**SOURCE INFORMATION**
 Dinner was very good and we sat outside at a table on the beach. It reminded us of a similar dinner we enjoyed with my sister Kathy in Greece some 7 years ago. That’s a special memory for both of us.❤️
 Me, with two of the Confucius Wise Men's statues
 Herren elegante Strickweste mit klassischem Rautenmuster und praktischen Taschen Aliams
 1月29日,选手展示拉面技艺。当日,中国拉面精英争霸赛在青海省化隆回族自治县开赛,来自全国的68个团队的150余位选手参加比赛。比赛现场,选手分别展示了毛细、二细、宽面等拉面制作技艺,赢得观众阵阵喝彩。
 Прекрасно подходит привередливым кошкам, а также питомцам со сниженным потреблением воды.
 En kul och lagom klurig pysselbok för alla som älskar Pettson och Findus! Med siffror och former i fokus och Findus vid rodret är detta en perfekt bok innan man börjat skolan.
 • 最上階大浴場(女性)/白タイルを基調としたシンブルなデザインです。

...

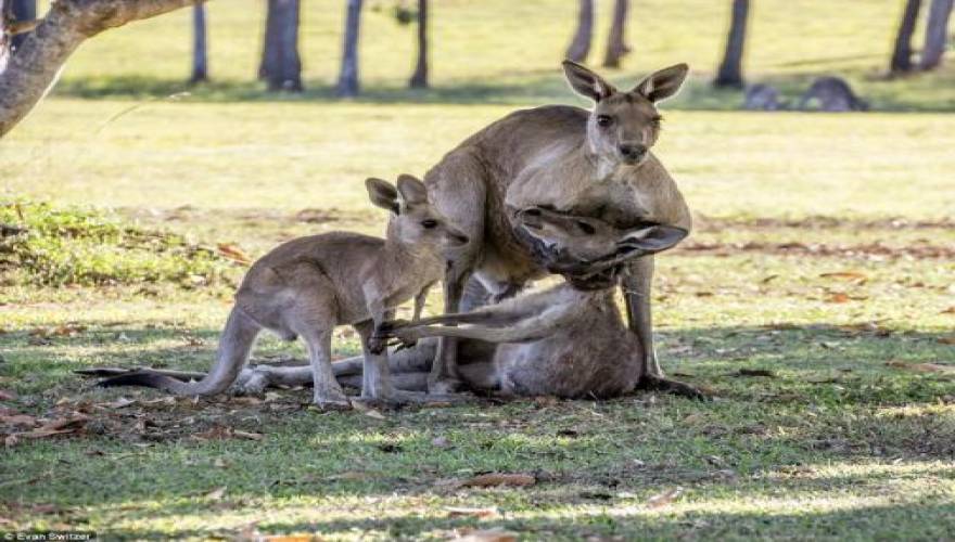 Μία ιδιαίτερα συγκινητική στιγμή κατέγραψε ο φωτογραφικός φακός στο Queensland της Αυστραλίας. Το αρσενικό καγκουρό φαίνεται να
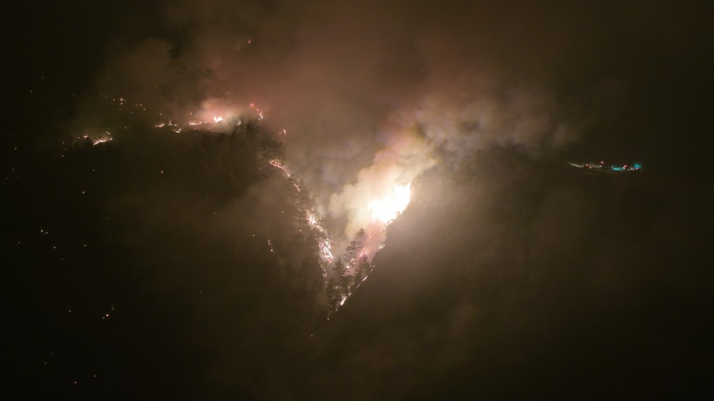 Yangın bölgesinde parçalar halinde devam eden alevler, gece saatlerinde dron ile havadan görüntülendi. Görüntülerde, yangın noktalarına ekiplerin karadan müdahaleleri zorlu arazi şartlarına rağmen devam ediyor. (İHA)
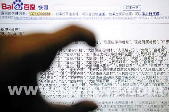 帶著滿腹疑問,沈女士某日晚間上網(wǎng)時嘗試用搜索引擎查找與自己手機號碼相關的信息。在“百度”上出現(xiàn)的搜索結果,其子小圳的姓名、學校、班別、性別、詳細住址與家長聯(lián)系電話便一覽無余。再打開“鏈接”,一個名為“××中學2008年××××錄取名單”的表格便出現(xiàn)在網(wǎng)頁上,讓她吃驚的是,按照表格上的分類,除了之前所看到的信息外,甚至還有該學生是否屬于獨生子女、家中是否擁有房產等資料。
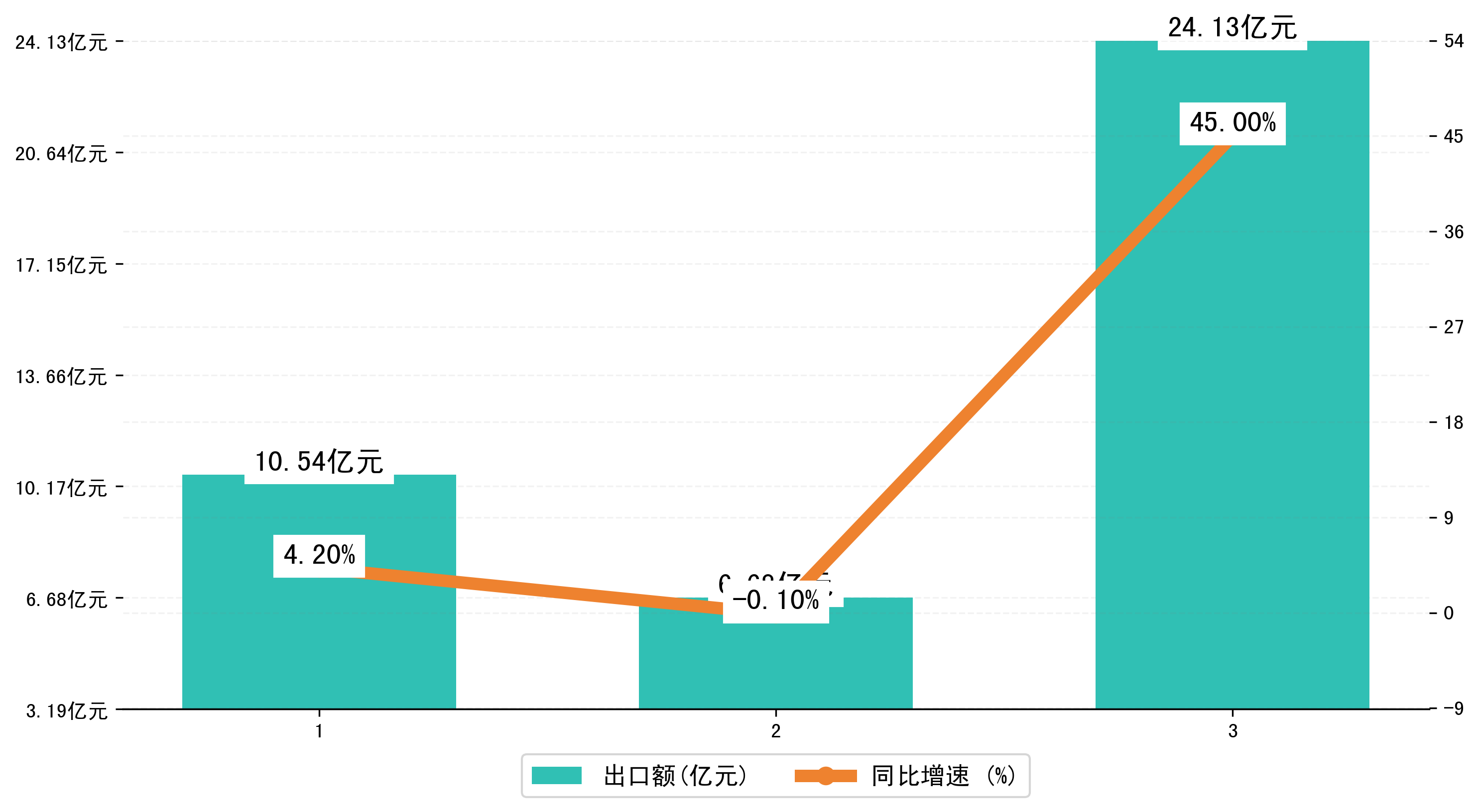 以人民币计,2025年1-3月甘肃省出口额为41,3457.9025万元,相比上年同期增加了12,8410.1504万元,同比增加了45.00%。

**EXERCISE DESCRIPTION**
Across the records, count the lines that contain the word "with" and give that figure alone.

**OUTPUT FOR THIS EXERCISE**
2